Their lab tech handed me the little toy mouse and joked, "Okay, show me how you kill your mice."
"Really?" I threw my hair back and laughed, "Okay...!"
In my hand, I ran my fingers up the "spine" of a little plush purple mouse with a feather tail - normally it was a beloved cat toy. Today, it was my dissection model.
I verbally walked through my motions, "So you find the cervical vertebrae, and you pinch it between your fingers, and then grab the tail with your other hand, and you PULL!" They laughed at my animated explanation, and the way that I punctuated every gruesome step with a basket of giggles.
This transitioned into a discussion where we all contrasted our own experiences of performing dissections on cats, frogs, and fetal pigs in our middle school and high school educations.
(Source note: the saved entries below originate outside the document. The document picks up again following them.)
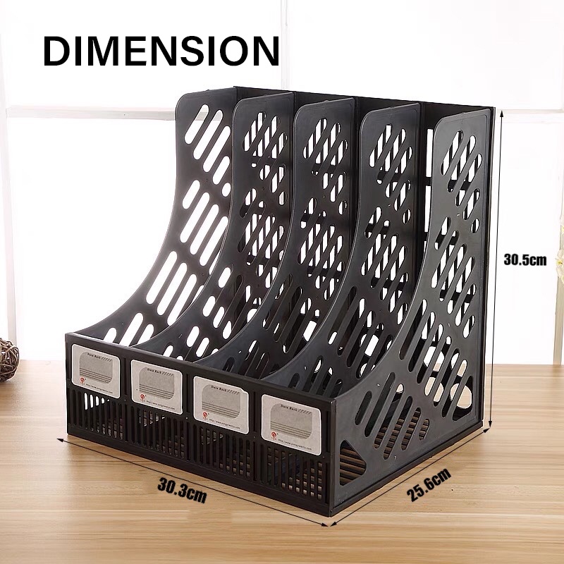 DCR 4 Divider Magazine Holder File Stand Rack Home Office Document Storage Paper Tray Organizer Organizer Rak Dokumen
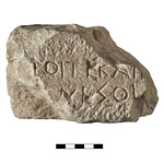 | Description: | Inscribed fragment. Broken on all sides except the bottom. Possibly part of the top surface preserved, with a pivot hole of later use. Two lines of the inscription preserved. Pentelic marble. | |
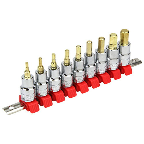 ■商品のご紹介六角穴付きボルトのインチサイズに対応しています。型番SHS309BHI商品番号067200689仕様●セット内容:1/8・9/64・5/32・3/16・7/32・1/4・5/16・3/8・7/16インチ。●差込角:9.5mm。材質●ソケット:クロームバナジウム鋼・ビット:S2。●ソケットホルダー・クリップ:ポリアセタール。●レール:鉄。用途六角穴付ボルト・六角穴付き止めネジの締め付け、緩め作業。機能ワンタッチ操作で、簡単にソケットを取外せ、確実にソケットを取付けられます。注意事項ボルト・ナットのサイズに合ったものを使用してください。ソケットはボルト・ナットに対して斜め掛けや浅掛けをしないよう、奥まで完全に差し込んで使用してください。角ドライブは根元まで完全に差し込んでください。インパクトレンチ等の動力工具では使用しないでください。ハンドルにパイプを継ぎ足したり、ハンマーなどで叩いたりして使用しないでください。割れ・欠け・摩耗・変形等の異常が認められた場合は、使用しないでください。本来の目的、用途以外での使用はしないでください。

Namely, for those of us that are from California, we brought up how the animal specimens were always given to us already dead. However, in France, students would be given live animals, and were responsible for sacrificing their own specimens prior to dissection.
"They don't trust us with killing them," I said, in a very manner-of-fact way. The group all laughed, much to my befuddlement.
"Man," they shrugged, "only biologists could talk about this stuff like it's nothing." I finally realized how morbid my statement was, and laughed nervously.
"Yeah," one laughed, "it's definitely a biologist thing."